Mix in some Meat Boy, a story about depression/anxiety, a killer soundtrack, a retro look and smart level design and you get Celeste.  There is a really good reason this was in a people’s game of the year lists.


Final Climb

I completed all the main levels, 2 of the B levels (harder version of the main), nearly done the Core (zone 8), and have collected over 100 strawberries.  Oh, and nearly 2000 deaths.

Game follows Madeline’s climb up Celeste, a giant mountain filled with all sorts of death traps.  The story is simple enough, she confronts her internal fears and comes out the stronger for it.  There’s no voice over, and the characters themselves are pretty straightforward.  That simplicity is also present in the gameplay.

The controls are basic.  Move, Jump, Hold, and Dash.   The actual gameplay is in the mix of those controls.  First few levels have you take long jumps, then dash to reach a far wall.  The later levels have you double dashing, avoiding lava, throwing yourself on bricks with spikes, recharging the dash in midair, then doing it 3 more times.   It’s surreal how much better you get at the game near the end.  Running back into Zone 1 was a cakewalk.

The actual gameplay mechanics are straightforward.  Avoid falling, spikes, monsters, fire, and similar things.  Die and restart the subzone (which usually takes 5-10 seconds to clear).  Easy in concept, hard in practice.  You can collect strawberries for an additional challenge, though it has no practical benefit other than a slightly different ending (if you make a pie).  Each zone has a cassette tape which unlocks a B-side, a harder variant that has no strawberries.  There are 7 main zones, each with their own themes.  The final one is the Core and is a hell of a challenge.

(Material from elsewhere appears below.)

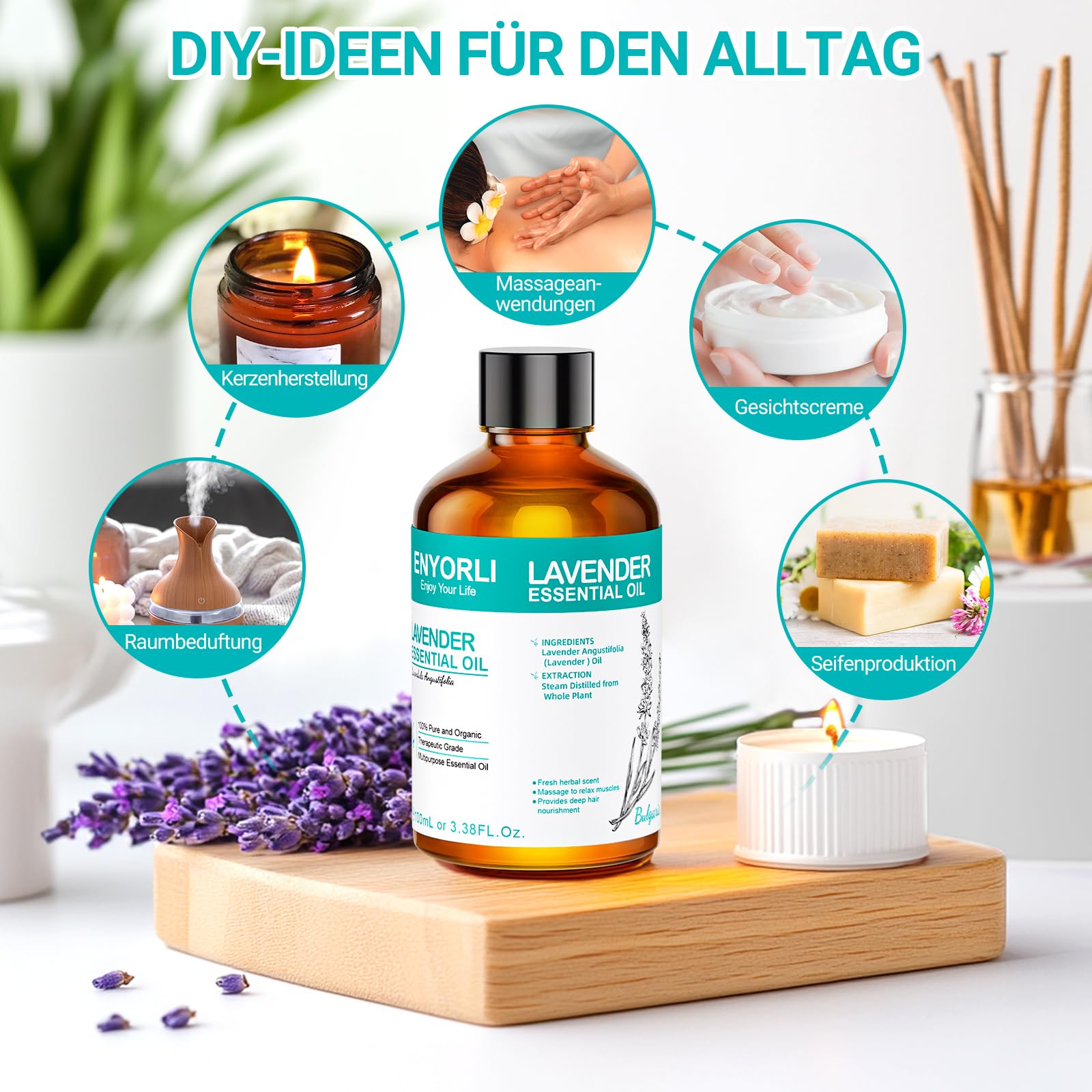 ENYORLI Ätherisches Lavendelöl 100mL Unverdünntes Lavendelöl Ätherische Öle für Aromatherapie, Diffusoren, Massagen, Hautpflege, Entspannung, Bäder, Unterstützung des Wohlbefindens & DIY

Celeste is one of those games where you always think “one more try” and then end up spending 30 minutes solving each additional puzzle.  And that’s what it is after all, each screen a puzzle of it’s own to solve.  It’s one of few games where I have to play with the D-pad rather than the analog, as some movements require way more precision in quick succession than my hands can handle.

I would be remiss not to mention the music.  It has that old school synth/midi vibe that fits just perfectly.  Each zone’s theme is well communicated, and the multi-screen boss “fights” feel like a true panic attack.  I’m not “done” with the game, but I do need a bit of a break from the heart racing.

Celeste is one of the few games I’ve ever played where I could not find any faults.  Never crashed, never felt I was cheated, no head scratchers.  It’s a shining example of what gaming can be.  A real must own.